Al-Wahhab considered his movement an effort to purify Islam by returning Muslims to what he believed were the original principles of Islam, as typified by the as-salaf as-saliheen (the earliest converts to Islam) and rejecting what he regarded as corruptions introduced by Bida (innovation, reformation) and Shirk (idolatry).

During his life he denounced practices of various sects of Sufism as being heretical and unorthodox, such as their veneration of saints. Although all Muslims pray to one God, Abd-Al-Wahhab was keen on emphasizing that no intercession with God was possible, an idea supported by the majority of Muslims. Specific practices, such as celebrating the birth of the Prophet Muhammad were also deemed as innovations.

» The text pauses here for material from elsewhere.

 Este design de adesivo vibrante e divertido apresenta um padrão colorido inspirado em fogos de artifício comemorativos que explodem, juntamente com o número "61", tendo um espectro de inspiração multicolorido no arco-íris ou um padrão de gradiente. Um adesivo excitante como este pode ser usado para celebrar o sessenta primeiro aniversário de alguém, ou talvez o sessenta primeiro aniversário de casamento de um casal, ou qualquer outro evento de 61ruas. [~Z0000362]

He is hence considered by his followers to be a great reformer of Islam, while the Sufis regard him a deviant. In either case, al-Wahhab's impact on Islam has been considerable and significant.

Ibn Abd-Al-Wahhab also revived interest in the works of the Islamic scholar Ibn Taymiyya (1263-1328), whom he cites, although not excessively. The followers of this revival of Islamism are often called Wahhabis, but they reject the usage of this term on the grounds that ibn Abd-Al-Wahhab's teachings were the teachings of the Prophet Muhammad, not his own. Thus, they refer to themselves as Salafists or Muwahhidun, meaning, "the monotheists."

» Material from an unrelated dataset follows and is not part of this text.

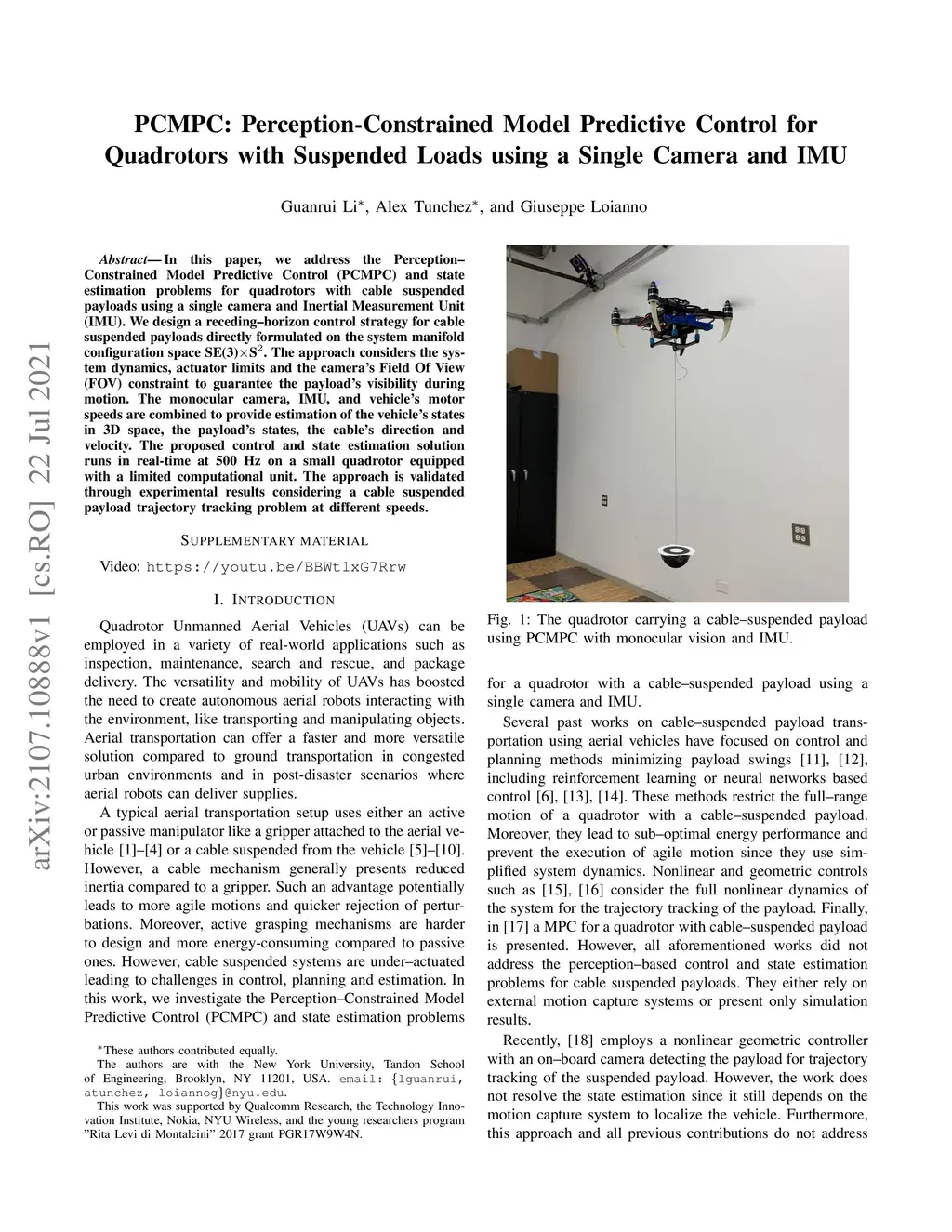 with Suspended Loads using a Single Camera and IMU

When Ibn Abd-Al-Wahhab struck a deal with Muhammed Ibn Saud, a chief of desert raiders in Najd, Ibn Saud and his house would be the chief of political administration and Ibn Abd Al-Wahhab and his house would be the chief of Islamic interpretation. Today the royal family of Saudi Arabia belongs to the House of Saud and Grand Muftis from the House of Ibn Abd Al-Wahhab (Aa;-Sheikh). Ibn Abd Al-Wahhab declared the rulers of Hijaz (holy Land of Arabia with holy cities like Makkah and Madinah) to be non-Muslims and therefore worthy of attack and occupation. That dynasty, of which the current ruler of Jordan is heir, advocated a more tolerant and open version of Islam.

Biography

The early life of Muhammed Ibn Abd al-Wahhab remains vaguely known despite extensive studies existent on the subject. Historians at the time were not interested and few contemporary journals covered such scholars. Thus, there are only two official histories of Ibn 'Abd Al-Wahhab and his religious movement, Ibn Ghannam's Tarikh Najd and Ibn Bishr's Unwan al-Majd fi Tarikh Najd.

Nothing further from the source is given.